▶ _Directions for this task_: The entries below contain pictures. Write out only the lines from the line with "CAUTION: Align the" up to and including the line with "Caixa de Plastico", exactly, without them.

(Records drawn from a dataset)
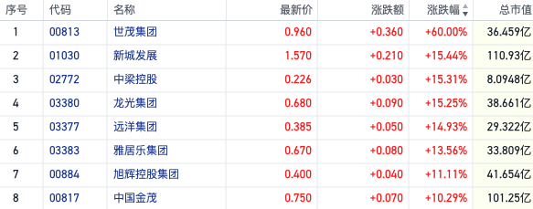 今日世茂集团(00813.HK)收涨60%,地产板块整体开启上涨潮,今日又出现大批个股涨幅超两位数的景象。
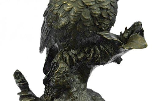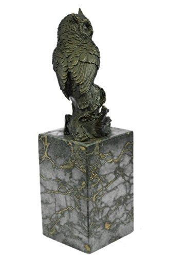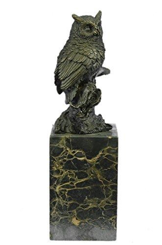 A Quaint Owl Rests Upon His Perch, Looking Out Into The Night Sky. His Innate Ability To Listen Keeps Him Occupied As He Listens To The Sounds Of The Night, Waiting To Hear The Scurry Of A Mouse So That He Can Swoop Down For A Midnight Snack. His Eyes Are Large And His Body Refined By The Intricate Feathers That Outline His Form, Each One Visible From The Next As They Cascade Downwards. Sculpture Is Hand Made Using The Lost Wax Method And Made Of 100% Bronze. A Two Toned Brown Patina Is Used And He Rests On A Solid Black Marble Base. Bronze dimensions with marble base: Height 11 X Width 3 inches. Weight: 8 lbs.Please Note: This is a reproduction bronze sculpture from the original molded and signed. This featured bronze sculpture is a recast after the original, and has been done recently. This 100% bronze sculpture is an abstract piece certain to be a conversation piece.Please Note: This is a reproduction bronze sculpture from the original molded and signed. This featured bronze sculpture is a recast after the original, and has been done recently. This 100% bronze sculpture is an abstract piece certain to be a conversation piece.
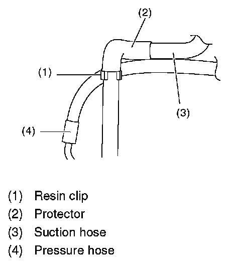 CAUTION: Align the installation position of the resin clip with the protector edge of suction hose.
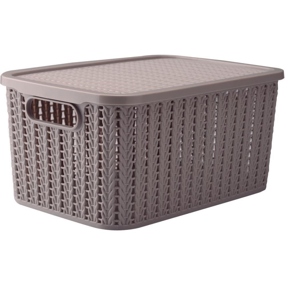 Caixa de Plastico Retangular Organizadora 4,7 L com Tampa e Pegador Trama preta.
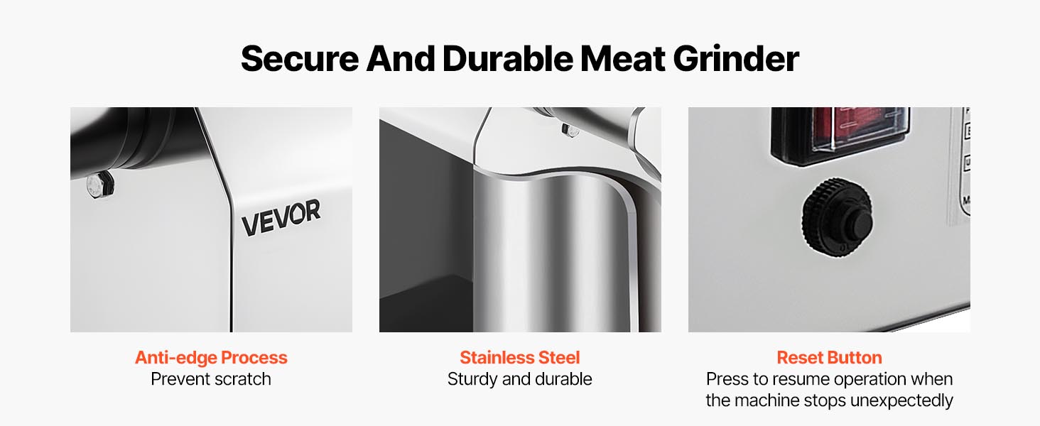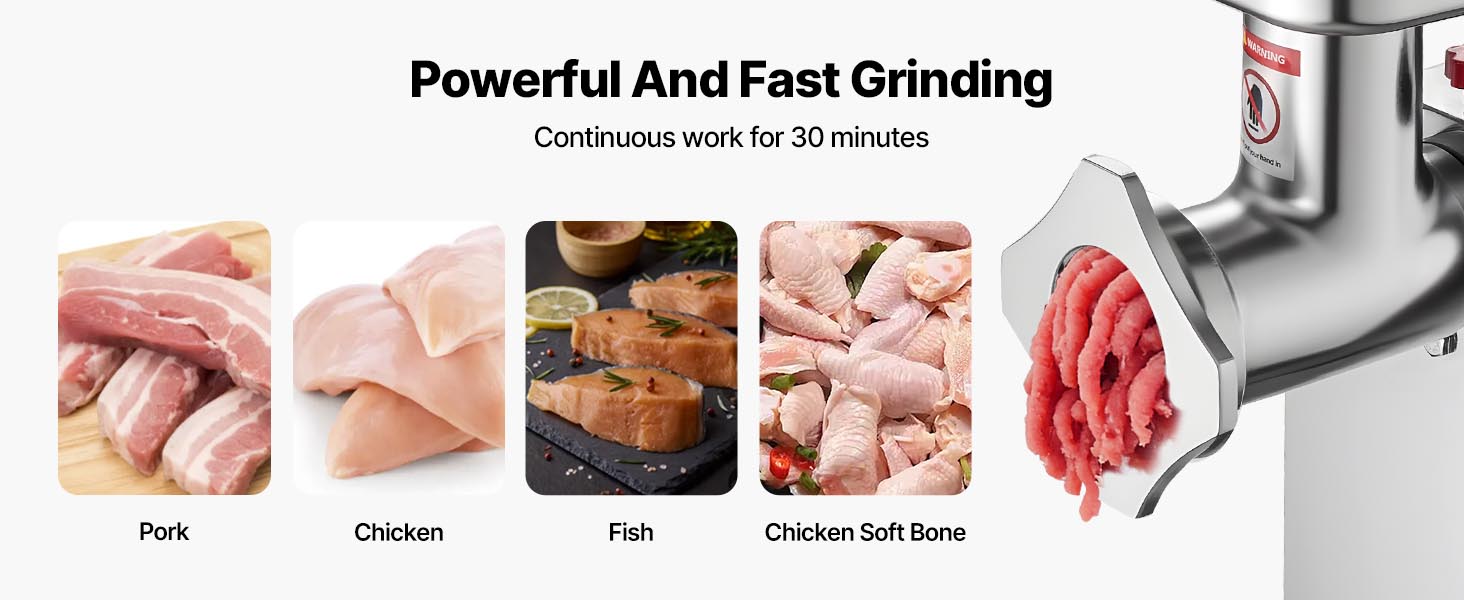 Motor z čistej medi s výkonom 1100 W dokáže zomlieť 9,2 libier mäsa za minútu. Elektrický mlynček na mäso môže pracovať nepretržite bez prerušenia, takže je ideálny pre potreby komerčného mletia mäsa vo veľkom rozsahu.

▶ _Your response_:
 CAUTION: Align the installation position of the resin clip with the protector edge of suction hose.
 Caixa de Plastico Retangular Organizadora 4,7 L com Tampa e Pegador Trama preta.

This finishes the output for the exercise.